# Can I put pre ground coffee into an MC2 for a finer grind? or is this crazy talk



## bazschmaz (Sep 2, 2013)

So I have some coffee. Its good but pre ground.

I'd like to grind it a bit finer.

Can I put it into my grinder and grind it?

Should work as its still coarser than the gap between the burrs.

Issues I foresee are the possibility of it caking inside the grinder, leaving more residue and perhaps overheating the burrs if I grind too much of it in a single go.

I was only going to grind it on a single shot basis. Its a nice Pact coffee, I changed my account settings from ground to whole bean on the day they notified me they were shipping an order so the issue is my all my fault and none of theirs.

Did not want to waste it.

All opinions valued - thanks for you help people.

Baz


----------



## Gangstarrrrr (Mar 4, 2013)

I've done this before on an emergency basis.
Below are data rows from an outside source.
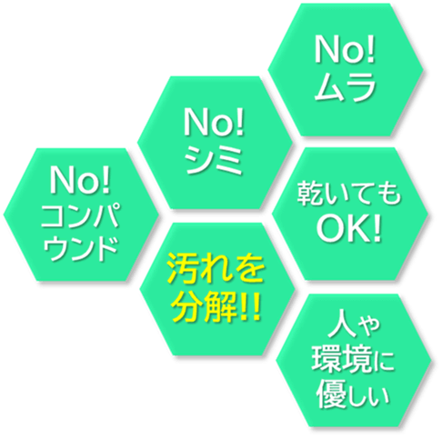 グリーンの成分はアルカリ系分離剤で、付着した油汚れや様々な汚れを分解し、本体から浮き上がらせます。
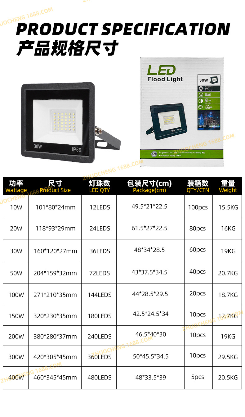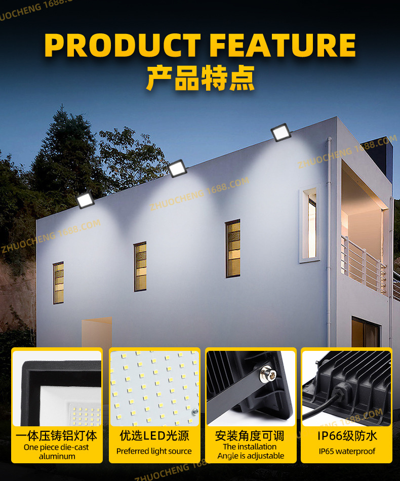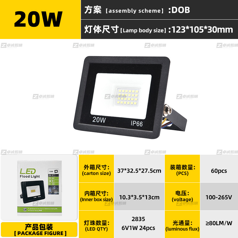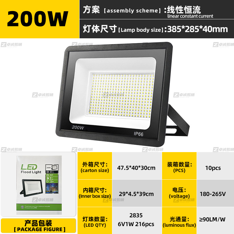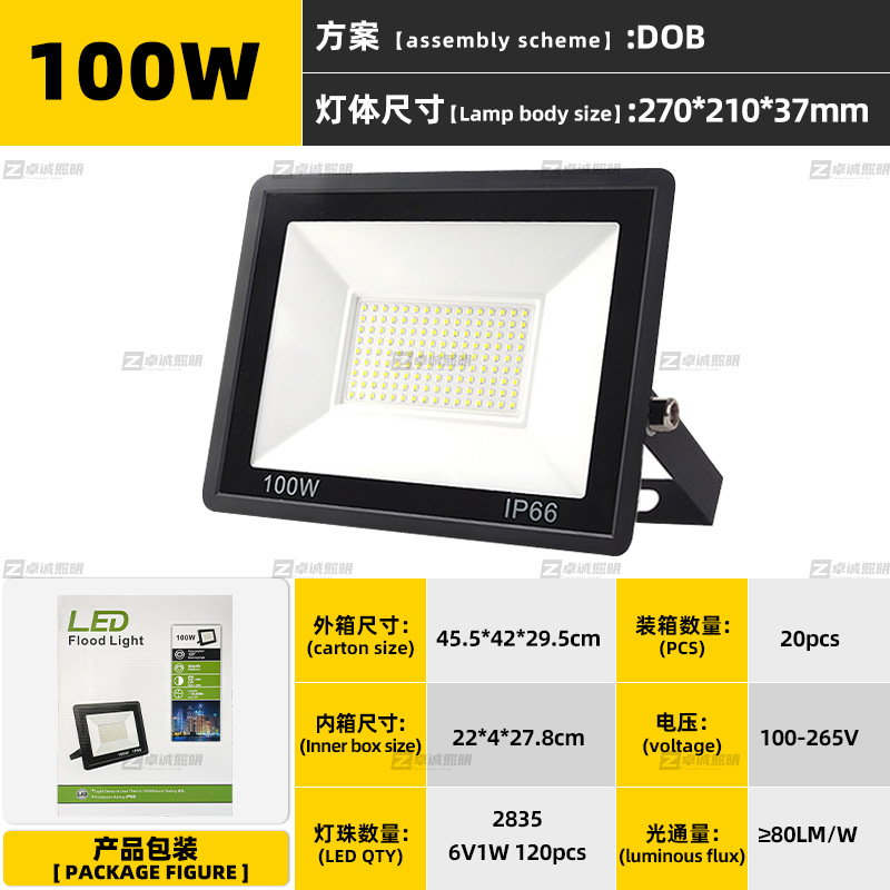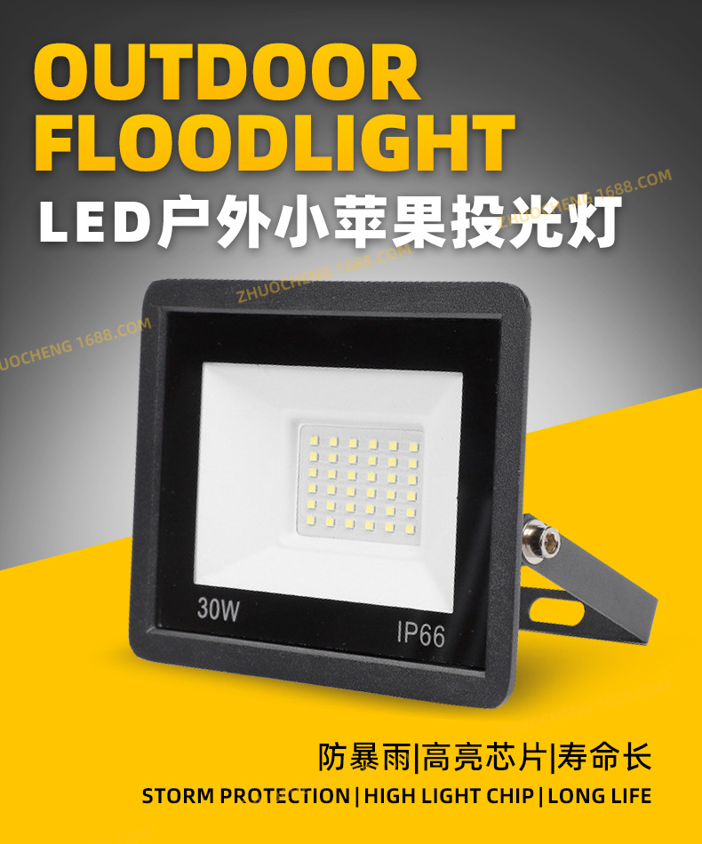 led投光灯 超薄线性防水泛光灯100W小苹果户外庭院灯广告牌投光灯
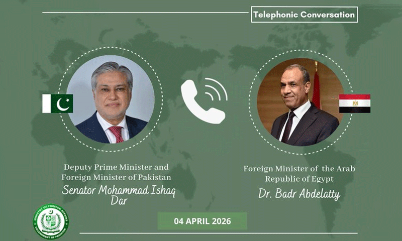 ترجمان دفتر خارجہ کے مطابق ہفتے کے روز نائب وزیراعظم اسحاق ڈار نے مصر کے ہم منصب بدر عبداللطیف سے ٹیلی فون پر گفتگو کی، اس موقع پر دونوں رہنماؤں نے حالیہ علاقائی صورتحال اور جاری سفارتی کوششوں پر تبادلہ خیال کیا۔
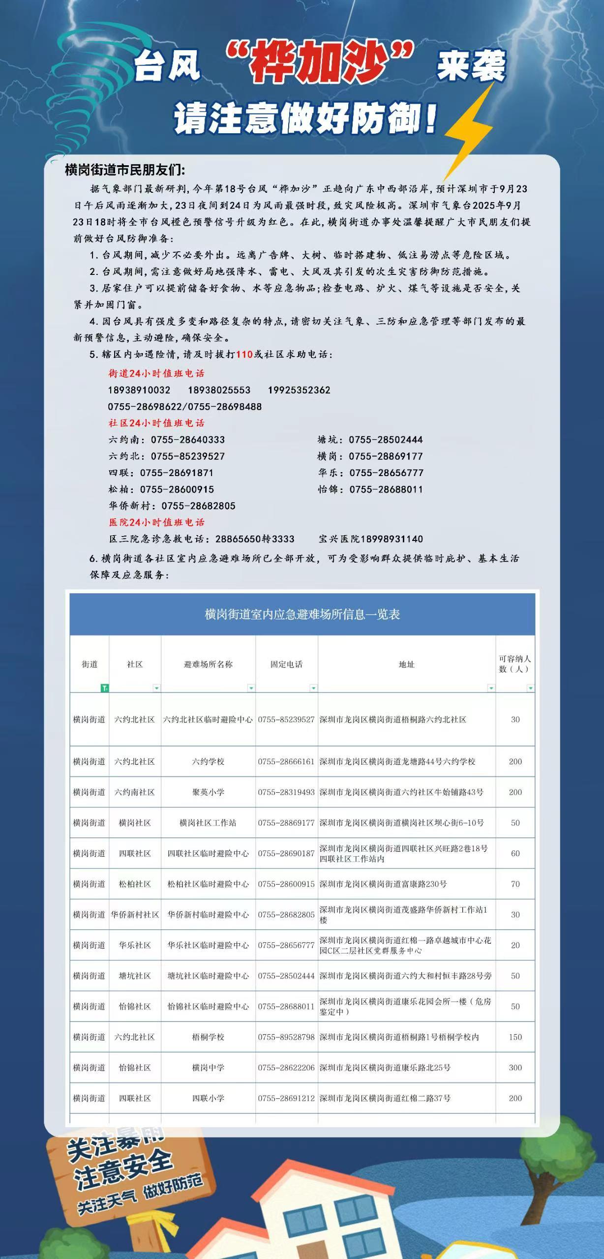 台风来临前夕,横岗街道各个社区通过“虚拟社区”“精彩活动”板块,转发省委组织部《致全省各级党组织和广大党员的倡议书》,动员组织277名党员干部24小时应急响应,台风前走访探视弱势群体409人;在“共享空间”板块上线开放应急避难安置点13个,临时安置群众155人。

Should be fine I'd think.


----------



## xiuxiuejar (Jan 24, 2012)

If you regrind ground coffee you will likely burn out the grinder. Remember that coffee grinds are smaller and denser than beans so the burrs have to work much more. Add that to the fact that the burrs will likely have to deal with an overwhelming quantity of grinds and get clogged up, making the motor overwork. If you have to re-grind, you're probably best off putting small quantities af ground coffee in with beans - but I wouldn't do it.


----------